(Work order): The output is the lines below from the one with "2025年11月7日,立冬节" through the one with "Canalys 发布的 2018", both included, printed exactly and with no other line.

(Records contained in a dataset)
------------------------
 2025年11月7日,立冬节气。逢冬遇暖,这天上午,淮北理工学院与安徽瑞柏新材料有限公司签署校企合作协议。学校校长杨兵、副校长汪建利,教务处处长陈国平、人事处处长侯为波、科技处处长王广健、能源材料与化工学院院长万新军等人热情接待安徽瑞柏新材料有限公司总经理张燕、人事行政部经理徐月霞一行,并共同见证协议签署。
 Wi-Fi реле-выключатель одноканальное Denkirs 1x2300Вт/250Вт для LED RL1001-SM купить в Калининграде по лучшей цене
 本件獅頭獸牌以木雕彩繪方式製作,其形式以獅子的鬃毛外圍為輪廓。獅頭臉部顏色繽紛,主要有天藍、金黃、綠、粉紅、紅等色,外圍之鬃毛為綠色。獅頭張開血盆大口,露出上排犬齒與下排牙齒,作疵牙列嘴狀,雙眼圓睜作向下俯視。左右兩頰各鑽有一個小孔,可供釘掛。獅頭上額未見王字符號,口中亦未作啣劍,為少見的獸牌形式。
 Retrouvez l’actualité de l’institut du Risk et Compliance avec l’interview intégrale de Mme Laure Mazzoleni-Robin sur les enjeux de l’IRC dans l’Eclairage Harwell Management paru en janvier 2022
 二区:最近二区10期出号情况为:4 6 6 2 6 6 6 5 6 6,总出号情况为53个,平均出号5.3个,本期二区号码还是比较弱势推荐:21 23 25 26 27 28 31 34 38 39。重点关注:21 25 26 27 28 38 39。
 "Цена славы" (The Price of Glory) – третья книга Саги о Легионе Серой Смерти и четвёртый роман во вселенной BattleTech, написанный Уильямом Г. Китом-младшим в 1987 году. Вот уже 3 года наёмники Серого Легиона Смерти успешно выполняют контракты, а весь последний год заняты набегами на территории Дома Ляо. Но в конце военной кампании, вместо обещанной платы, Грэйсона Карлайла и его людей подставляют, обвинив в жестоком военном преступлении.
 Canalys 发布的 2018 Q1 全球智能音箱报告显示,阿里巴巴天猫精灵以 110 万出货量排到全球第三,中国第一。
------------------------
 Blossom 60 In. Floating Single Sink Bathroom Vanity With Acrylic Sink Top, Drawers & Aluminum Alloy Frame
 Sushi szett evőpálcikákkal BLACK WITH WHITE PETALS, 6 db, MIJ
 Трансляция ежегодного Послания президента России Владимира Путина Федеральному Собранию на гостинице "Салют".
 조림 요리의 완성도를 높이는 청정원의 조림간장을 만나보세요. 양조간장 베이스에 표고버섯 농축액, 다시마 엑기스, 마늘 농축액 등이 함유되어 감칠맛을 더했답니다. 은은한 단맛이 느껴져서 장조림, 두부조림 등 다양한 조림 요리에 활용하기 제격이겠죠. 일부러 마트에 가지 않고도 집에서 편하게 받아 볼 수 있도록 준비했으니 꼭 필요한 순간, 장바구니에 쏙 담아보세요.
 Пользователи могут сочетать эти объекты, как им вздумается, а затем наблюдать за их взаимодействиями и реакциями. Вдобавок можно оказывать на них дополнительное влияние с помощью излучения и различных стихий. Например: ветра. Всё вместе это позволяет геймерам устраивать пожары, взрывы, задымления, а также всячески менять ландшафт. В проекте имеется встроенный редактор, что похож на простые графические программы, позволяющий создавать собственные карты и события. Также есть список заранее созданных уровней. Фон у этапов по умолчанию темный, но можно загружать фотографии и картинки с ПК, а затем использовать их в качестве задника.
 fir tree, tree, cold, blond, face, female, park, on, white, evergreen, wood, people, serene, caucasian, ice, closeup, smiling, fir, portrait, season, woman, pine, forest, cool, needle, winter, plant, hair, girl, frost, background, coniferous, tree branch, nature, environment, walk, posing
------------------------
(Reply):
 2025年11月7日,立冬节气。逢冬遇暖,这天上午,淮北理工学院与安徽瑞柏新材料有限公司签署校企合作协议。学校校长杨兵、副校长汪建利,教务处处长陈国平、人事处处长侯为波、科技处处长王广健、能源材料与化工学院院长万新军等人热情接待安徽瑞柏新材料有限公司总经理张燕、人事行政部经理徐月霞一行,并共同见证协议签署。
 Wi-Fi реле-выключатель одноканальное Denkirs 1x2300Вт/250Вт для LED RL1001-SM купить в Калининграде по лучшей цене
 本件獅頭獸牌以木雕彩繪方式製作,其形式以獅子的鬃毛外圍為輪廓。獅頭臉部顏色繽紛,主要有天藍、金黃、綠、粉紅、紅等色,外圍之鬃毛為綠色。獅頭張開血盆大口,露出上排犬齒與下排牙齒,作疵牙列嘴狀,雙眼圓睜作向下俯視。左右兩頰各鑽有一個小孔,可供釘掛。獅頭上額未見王字符號,口中亦未作啣劍,為少見的獸牌形式。
 Retrouvez l’actualité de l’institut du Risk et Compliance avec l’interview intégrale de Mme Laure Mazzoleni-Robin sur les enjeux de l’IRC dans l’Eclairage Harwell Management paru en janvier 2022
 二区:最近二区10期出号情况为:4 6 6 2 6 6 6 5 6 6,总出号情况为53个,平均出号5.3个,本期二区号码还是比较弱势推荐:21 23 25 26 27 28 31 34 38 39。重点关注:21 25 26 27 28 38 39。
 "Цена славы" (The Price of Glory) – третья книга Саги о Легионе Серой Смерти и четвёртый роман во вселенной BattleTech, написанный Уильямом Г. Китом-младшим в 1987 году. Вот уже 3 года наёмники Серого Легиона Смерти успешно выполняют контракты, а весь последний год заняты набегами на территории Дома Ляо. Но в конце военной кампании, вместо обещанной платы, Грэйсона Карлайла и его людей подставляют, обвинив в жестоком военном преступлении.
 Canalys 发布的 2018 Q1 全球智能音箱报告显示,阿里巴巴天猫精灵以 110 万出货量排到全球第三,中国第一。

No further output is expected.